Well, the same way that all kinds of projects around the world which have been so much against the interests of the people, that there is such a flood of protests that the company is forced to retreat. We have the government of Cambodia opposed to it; the people of Cambodia opposed to it. In Vietnam, it’s the same. The fishermen, the communities, the Delta region and the Vietnamese National Mekong Committee and the Vietnamese government are all telling Laos: Please stop the construction. No more construction of any dams on the Mekong until all the scientific research and studies have been completed. How can they get the Lao government to heed this message? First of all, by increasing the volume of their protests. The Vietnamese prime minister needs to say it louder and clearer, and he needs to say it publicly in Mekong River Commission forums and stop this game of pretending there is this unity between the four nations of international spirit of cooperation.

On this dam question, there is no international spirit of cooperation. There is no consensus that any more dams should be built. On the contrary, the majority of the MRC are against this dam going ahead, certainly at this stage. One of the Vietnamese delegates actually said there should be five to 10 years to properly study and monitor the process of fish migration, the different fish species, fish behavior and whether it is possible for any kind of fish-pass technology to mitigate the impact of building the dam. But the evidence at the moment definitely suggests very strongly that it is unsustainable and impossible to mitigate.

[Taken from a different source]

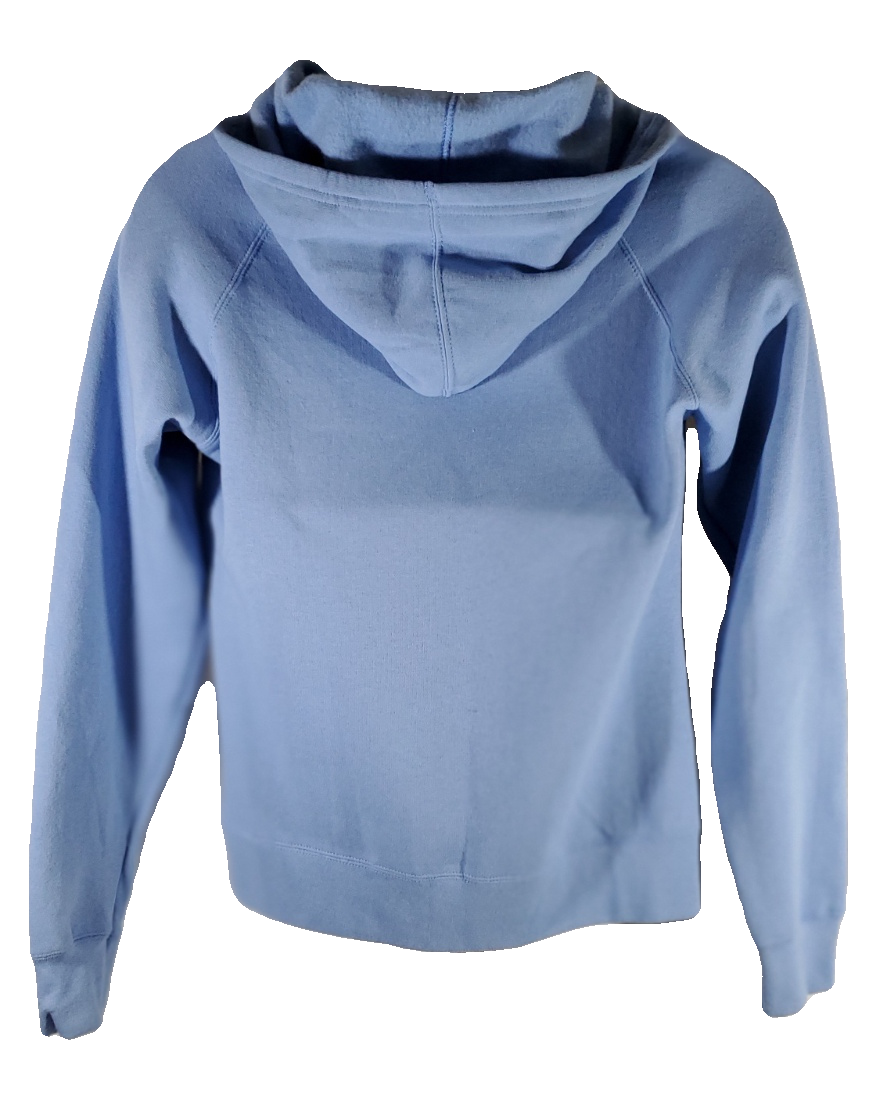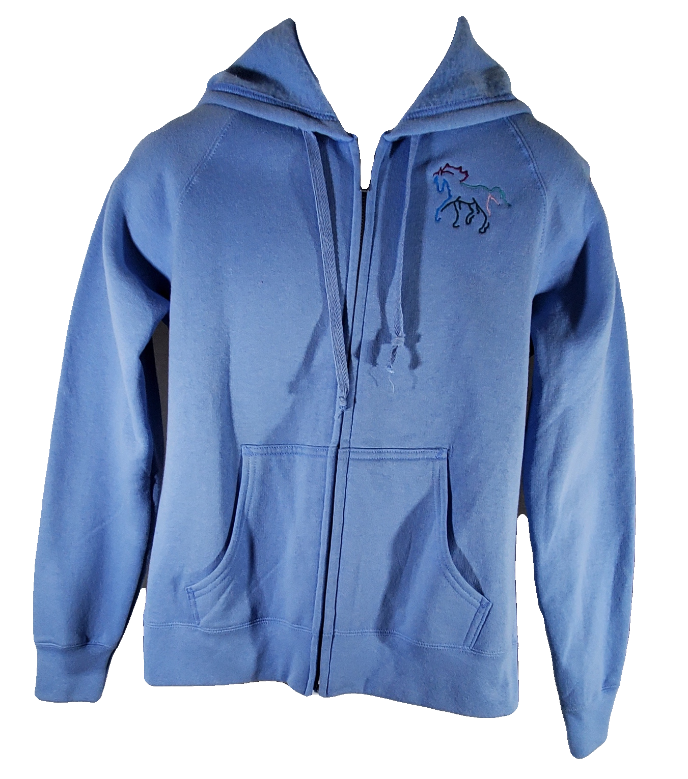 This hoodie sweatshirt is a light blue knit made of 80% cotton and 20% polyester. The hooded sweatshirt is long sleeve with full zipper and ribbed bottom and cuffs. The left side is embroidered with the outline of walking horse. Embroidery is done with washable polyester thread. Size medium.

That’s why NGOs are calling for the project to be scrapped, to be cancelled.

Among the four Mekong River Commission member states, which one do you think is the most influential in calling a halt to the dam project? Why?

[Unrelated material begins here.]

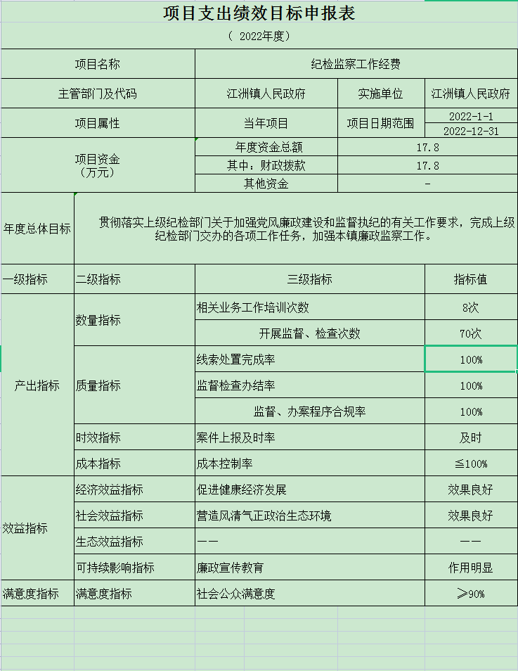 纪检监察工作经费项目绩效自评表

Vietnam. Because, first of all, the stake is enormous for Vietnam. If Vietnam cannot stop this dam, their delta will be destroyed. The combination of climate change, salinization with the sea coming up more and more and the building of the dam, all the Vietnamese experts are saying that Vietnam in the next 20 to 30 years will cease to be the second largest exporter of rice in the world. That would not only be a devastating blow to the Vietnamese economy, it will be an enormous setback globally because it means the world rice prices will shoot up in the market. So every time in 20 to 30 years, when United Nations agencies are trying to buy rice on the world market to feed a particular population of a particular country that’s starving, it means the absence of Vietnam to be able to contribute rice on the world market will have a serious global knock-on effect, which would be so negative. So there can be another way to stop the dam, for the UN agencies to understand the implications for their own work of 11 dams being built along the Mekong. The destruction of the Mekong delta will have a global impact. At the moment, we’re not hearing enough voices of concern from major international agencies. So within the region Vietnam has got the strongest clout within the Mekong River Commission of the four member states to oppose to dams, but they need a great deal more international backing to be successful in persuading Laos to think again about a wider international interest.

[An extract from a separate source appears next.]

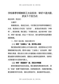 学校春季学期教职工大会发言:审好4道大题,抓实5个发力点.docx

Finally, how do you expect your film to help change the situation of the Don Sahong dam project?

Well, one film is not going to change the situation, but I hope my documentary will contribute to an educational campaign, a consciousness-raising within the region, and maybe something people have not previously digested about the injustice of the way these dams are being imposed on the people of the region and the suffering and damage that they are going to cause to their lives. Through an awareness of this, there will be more pressure on governments in the region and more pressure on the United Nations and other international agencies outside the region. So hopefully my film will make a little contribution to building up that international organization which is needed and that international protest that is needed to have some sanity to take over in deciding whether the dam should be built or not and international consensus. No dam should be built unless it’s based on sound scientific evidence that it can be done in a way which does not destroy the fisheries. But, without the science, without the rationality, these dams must not be built.